I am running an instance of t2.micro :) I am aware that It is small btw. I am using it because it is free tho.
Edit: I initiated a m4.large instance. I will report you if its work.
Dear @chapmanb ,
Bad news, apparently I faced with another memory problem. I also posted the df command to show you my root memory. It is 30 GB. however, even that did not merit. Also, since I am only going to use bcbio for calling mutations of tumor/normal samples I think I dont need to download other RNAseq stuff. Also I dont think I need aligners too. As I understood from the tutorial I can to --datatarget variation command to make my bcbio_vm.py installation more specific.
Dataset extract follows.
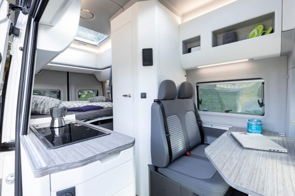 Im Mittelpunkt der Aktualisierung steht das neu gestaltete Interieur. Tischplatte, Arbeitsflächen und Bodenbelag sind nun im Dekor „Atami Bambus“ ausgeführt, das den Wohnbereich optisch aufwertet. Ergänzend wurden Bedienelemente wie Griffe, Schalter und Steckdosen in Schwarz ausgeführt. Neue Gepäcknetze in den Oberschränken vergrößern das Stauraumangebot, während der Esstisch künftig nicht nur im Innenraum genutzt, sondern auch außen am Küchenblock befestigt werden kann. Optional erhältlich ist zudem ein neues Thermomatten- und Verdunkelungsset.

However, when I removed --aligners from the command line it, it gave an error such as below;
[ec2-user@ip-172-31-62-129 ~]$ bcbio_vm.py --datadir=~/install/bcbio-vm/data install --data --tools --genomes GRCh37
Retrieving bcbio-nextgen docker image with code and tools
Using default tag: latest
latest: Pulling from bcbio/bcbio
Digest: sha256:eb6690f984b44a47389a161240b930b848e62f5e946202a021122e15f8da189b
Status: Image is up to date for bcbio/bcbio:latest
Data not installed, no aligners provided with `--aligners` flag
This is my systems df.
Filesystem 1K-blocks Used Available Use% Mounted on
/dev/xvda1 30830568 30698748 31572 100% /
devtmpfs 4080360 100 4080260 1% /dev
tmpfs 4089368 0 4089368 0% /dev/shm
/dev/xvdf 515930552 296782596 192917172 61% /home/ec2-user/dendi
This is the error that I got while following regular installation.
[ec2-user@ip-172-31-62-129 ~]$ bcbio_vm.py --datadir=~/install/bcbio-vm/data install --data --tools \
> --genomes GRCh37 --aligners bwa
Retrieving bcbio-nextgen docker image with code and tools
Using default tag: latest
latest: Pulling from bcbio/bcbio
Digest: sha256:eb6690f984b44a47389a161240b930b848e62f5e946202a021122e15f8da189b
Status: Image is up to date for bcbio/bcbio:latest
Stopping docker container
Traceback (most recent call last):
File "/usr/local/bin/bcbio_vm.py", line 4, in <module>
__import__('pkg_resources').run_script('bcbio-nextgen-vm==0.1.0a0', 'bcbio_vm.py')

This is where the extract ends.